More interestingly, what exactly are them mechanics of getting a deep fake into video call? How is it possible that a what seems like a deepfake could make its way into my Zoom? Is Zoom enabling external plugins that alter video details?
It’s fairly trivial to have a virtual camera source and point Zoom to that as it’s input. It has nothing to do with integrating deeply with Zoom or getting “into” your Zoom. Check out Snap Camera[0] for an example.
I do very much hope that you told the candidate what spooked you. Ideally, you would have done this early in the interview, giving them a chance to disable any video filtering / face-beautifying software that they may have been running.
If you didn't do either one of those, perhaps you now know enough so that next time you will be able to give the interviewee a chance to demonstrate whether or not they're using a "Smooth over my facial blemishes because I'm uncomfortable with how my face looks and want it to look 'prettier'." filter.
The live-streaming software OBS has a “virtual webcam” feature that can make a generated video feed behave like a hardware webcam. Perhaps something similar is being used to feed generated video into zoom?
Input for software can be anything. Camera feed can be a generated one and the software consuming it doesn't have to be aware it isn't a real physical camera.
Admittedly, I use it, but I have it set pretty low. My face isn't lit up very well, and without it, in my webcam, my skin ends up looking a lot rougher than it really is.
If I set it to the max, then it just looks like a blurry mess.

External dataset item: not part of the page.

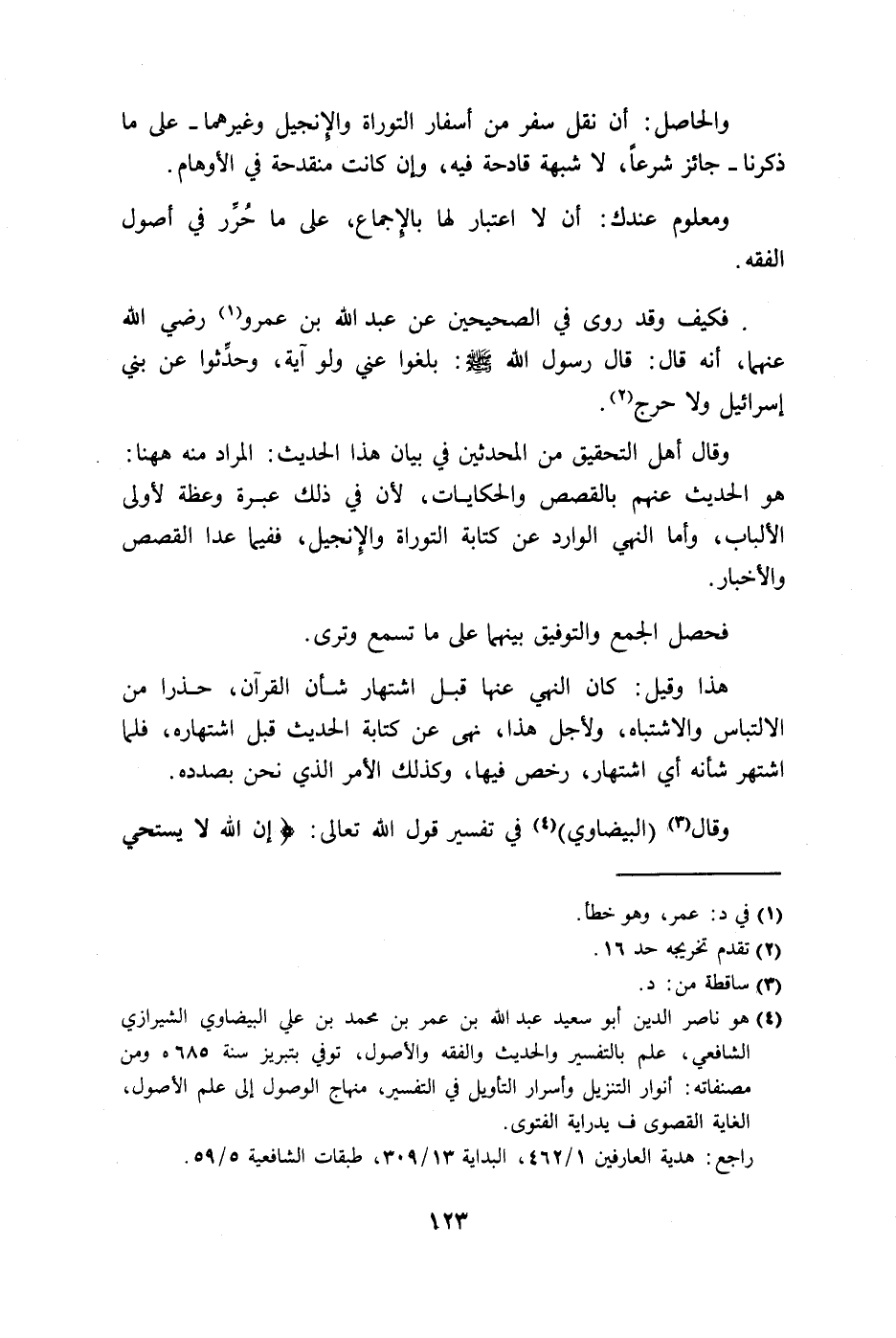 الألباب، وأما النهي الوارد عن كتابة التوراة والِإنجيل، ففيما عدا القصص

Things like OBS (streaming software) can create a virtual camera. I am guessing its something like that where Zoom does not even know the camera is not actually real hardware.
More interestingly, what exactly are them mechanics of getting a deep fake into video call? How is it possible that a what seems like a deepfake could make its way into my Zoom? Is Zoom enabling external plugins that alter video details?